Multiobjective Hyperspectral Feature Selection Based on Discrete Sine Cosine Algorithm

Feature selection is an effective way to reduce the data dimensionality of hyperspectral imagery and obtain a better performance in the subsequent applications, such as classification. The ideal approach is to obtain the optimal tradeoff between two criteria for hyperspectral image feature selection: 1) information preservation and 2) redundancy reduction. However, constructing a hyperspectral feature selection model for the above two criteria is difficult due to the complexity of hyperspectral imagery.
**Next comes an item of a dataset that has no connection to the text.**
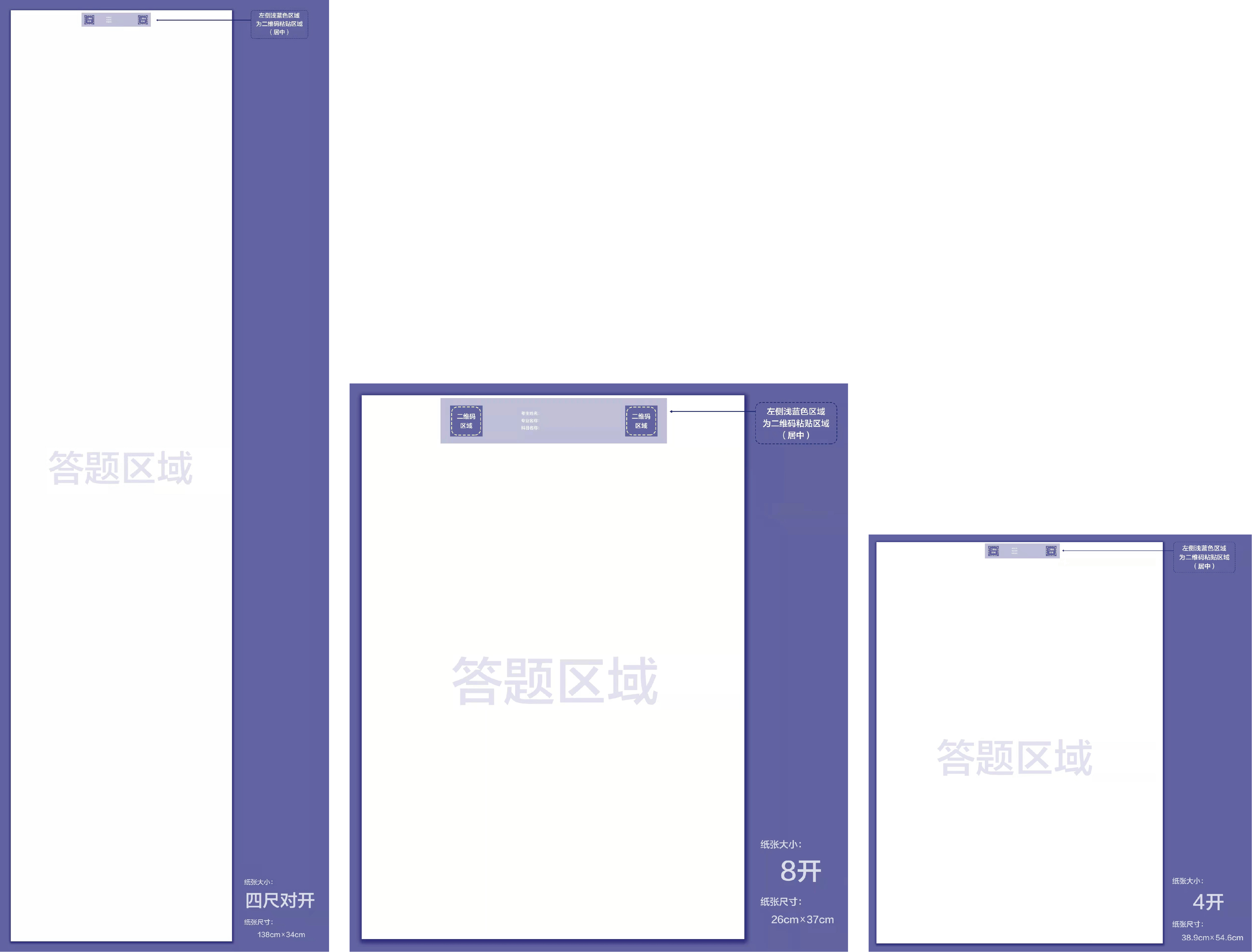 考生须于正式考试当日考生报到环节,在视频监控下根据语音指令将准考证第三联中的考生信息二维码沿虚线框整体剪下,使用胶棒或双面胶将其粘贴于试卷卷头中间位置完成试卷制作。考生信息二维码粘贴示意图如下:

Although evolutionary multiobjective optimization methods have been recently presented to simultaneously optimize the above criteria, they cannot control the global exploration versus local exploitation capabilities in the search space for the hyperspectral feature selection problem. Thus, in this article, a novel discrete sine cosine algorithm (SCA)-based multiobjective feature selection (MOSCA_FS) approach is proposed for hyperspectral imagery. In the proposed method, a novel and effective framework of multiobjective hyperspectral feature selection is designed. In the framework, the ratio between the Jeffries–Matusita (JM) distance and mutual information (MI) is modeled to minimize the redundancy and maximize the relevance of the selected feature subset. In addition, another measurement—the variance (Var)—is applied for maximizing the information amount. Furthermore, to resolve the discrete hyperspectral feature selection problem, a novel discrete SCA is first proposed, which enhances the selection of the ideal feature subset. The effectiveness and universality of the proposed method was verified by experiments with ten University of California at Irvine (UCI) data sets, five hyperspectral image data sets, and one spectral data set of typical surface features.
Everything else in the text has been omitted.